Section: New Results
Introduction
In this section, we organize the bulk of our contributions this year along two of our research axes, namely Pattern Mining and Decision Support. Some other contributions lie within the domains of query optimization and machine learning.
Pattern Mining
In the domain of pattern mining we can categorize our contributions along the following lines:
-
Mining of novel types of patterns. This includes mining of negative patterns [24], [14] and periodic patterns [18].
-
Data Mining for the masses. In [11], we propose a communication model that bridges knowledge delivery between data miners and domain users in the field of library science. Our model proposes a five-steps process in order to achieve effective knowledge synthesis and delivery of insights to the domain users.
-
Efficient pattern mining. In [10], we propose a method to sample itemsets efficiently on streaming data. This contribution tackles two limitations of the state of the art in pattern mining: (1) the so-called pattern explosion —the user is confronted to too many patterns—, and (2) the assumption of static data.
-
Data Mining for Data Science. One of the most basic types of patterns is to know if the data makes one single group, i.e., is unimodal, or can be clustered into several groups. In [13], we propose a new statistical test of unimodality, that is both independent of the input distribution and computationally efficient.
Decision Support
In regards to the axis of decision support, our contributions can be organized in two categories: forecasting & prediction, and anomaly detection.
-
Forecasting & prediction. In [15], [12], we propose solutions to automate the task of capacity planning in the context of a large data network as the one available at Orange.
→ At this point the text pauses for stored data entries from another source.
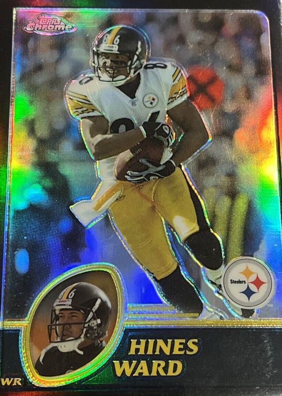 Hines Ward's Football cards are available in at least 149 sets. Hines Ward's biggest 7-day price movers are 2003 Topps Chrome #50 Black Refractor /599, 2025 Donruss #12 Press Proof Yellow, and 2025 Donruss #12 Press Proof Red.
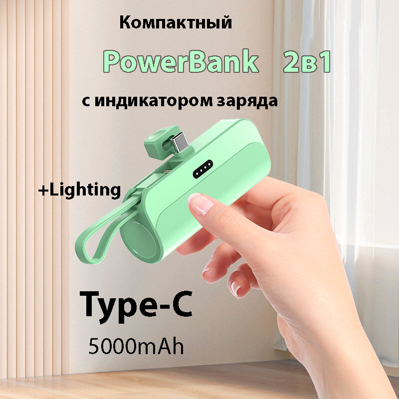 СохранитьВнешний аккумулятор 2в1 5000 mAh основной Type-C и шнур lighting , Powerbank MINI (Зеленый) интересное:
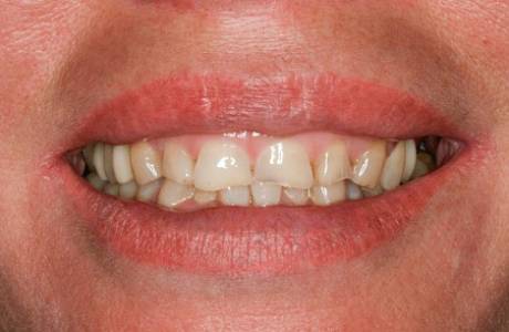 Пациентка обратилась с жалобами на стирание зубов, вызванное бруксизмом (скрежетом зубов), отсутствие жевательных зубов, неудовлетворительную эстетику улыбки и невозможность пережевывания пищи.
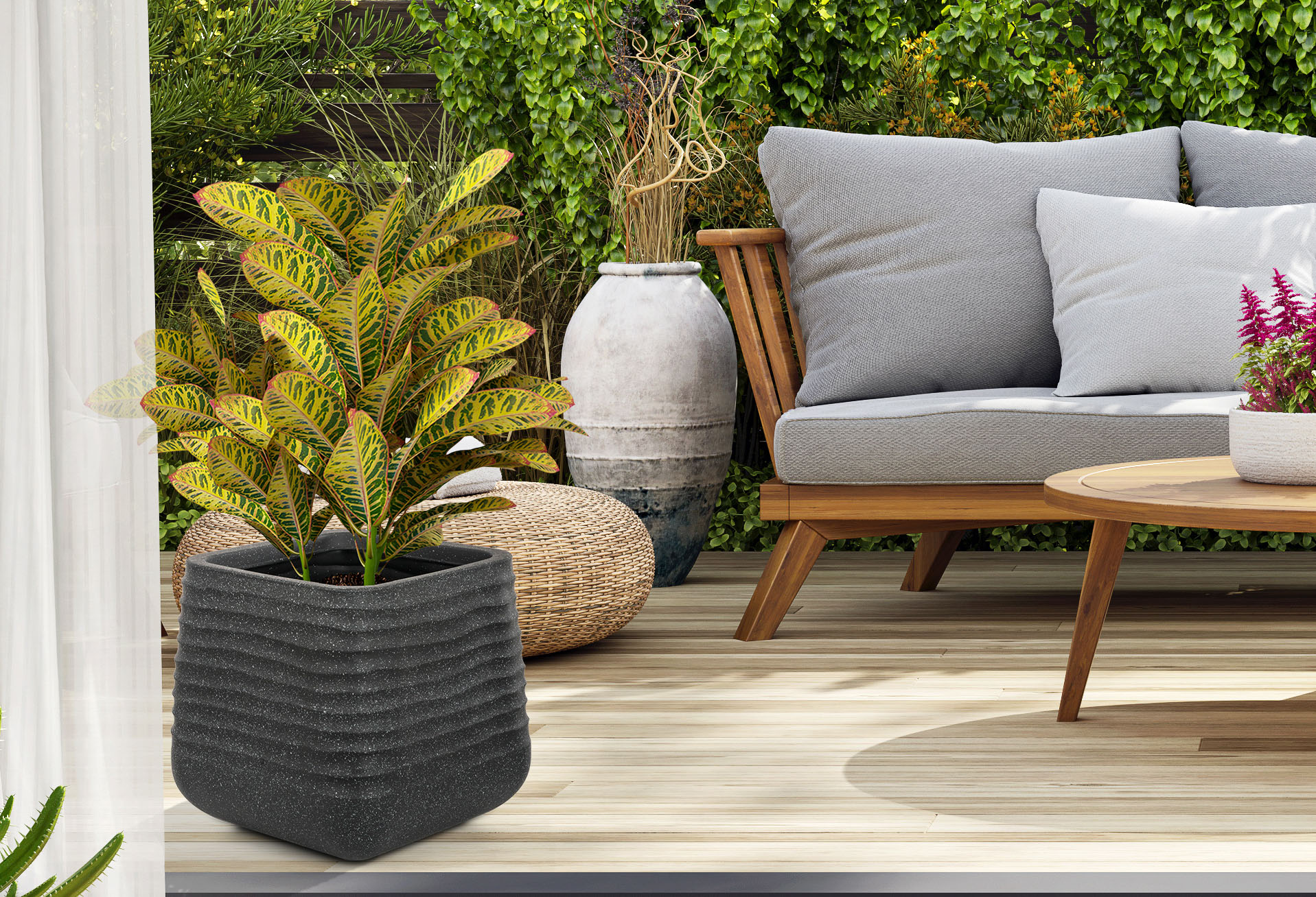 Květináč je vyrobený z kvalitního 0,5 cm silného plastového materiálu, který vás nelimituje ani co se týče umístění, ani užívání. Květináč je lehký a zároveň výjimečně odolný vůči povětrnostním vlivům. Nemusíte uklízet květiny pod střechu při každé letní spršce ani při silném větru. Naopak vám letní déšť pomůže s údržbou. Květináč můžete na zahradě nechat i v zimě – je odolný vůči mrazu až do -35 °C. Stěny květináče stačí při znečištění opláchnout vodou a je zase jako nový.
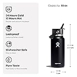 - La MEJOR BOTELLA: Una botella de agua aislada de 32 oz de boca ancha con la tapa de pajita Flex de Hydro Flask—fácil de llenar, fácil de beber. Abre, agrega tu hielo y da vuelta para beber. El acero inoxidable aislado mantiene fría hasta por 24 horas.
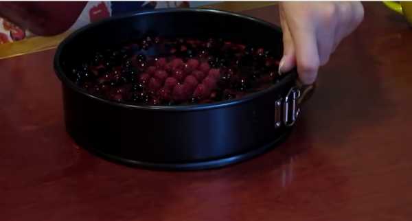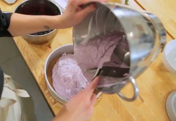 8. Достать охлажденную основу для чизкейка и влить в форму весь крем. Аккуратно перенести все снова в холодильник и оставить на 8-12 часов. Творожно-ягодный слой должен полностью застыть.Когда вы увидите, что творог стал упругим и застыл – можно разъединять бортики формы и снимать пергамент.
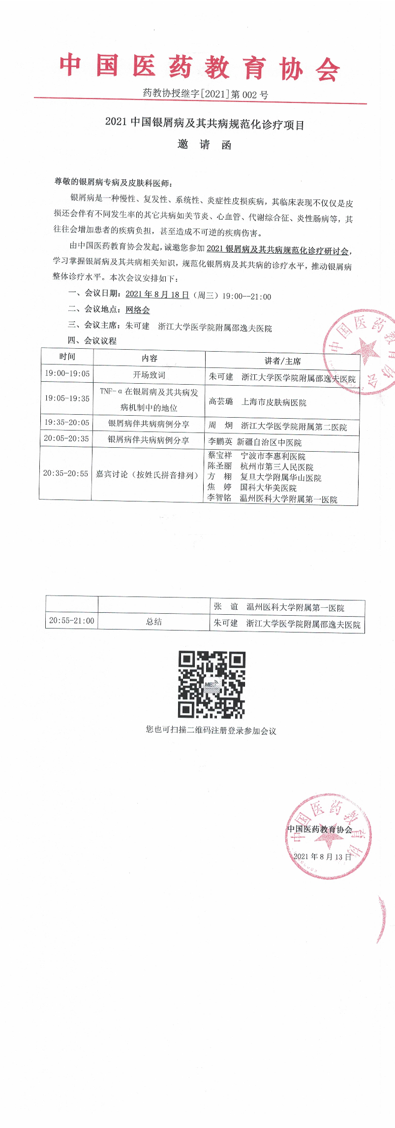 | 药教协授继字[2021]-第002号-药教协授继字【2021】第002号-2021中国银屑病及其共病规范化诊疗项目-邀请函 | |||||

The work in [19] offers a tool to predict the nutritional needs of sows in lactation.
-
Anomaly Detection. The work in [20] tackles the problem of fraud detection under imbalanced data.
Others
-
Machine Learning.[16] proposes a novel algorithm to weight the importance of classification errors when training a classifier. [8] proposes a classification algorithm optimized for highly imbalanced data.
-
Query optimization. In [9] we propose a query-load-agnostic caching approach to speed-up provenance-aware queries in RDF data cubes.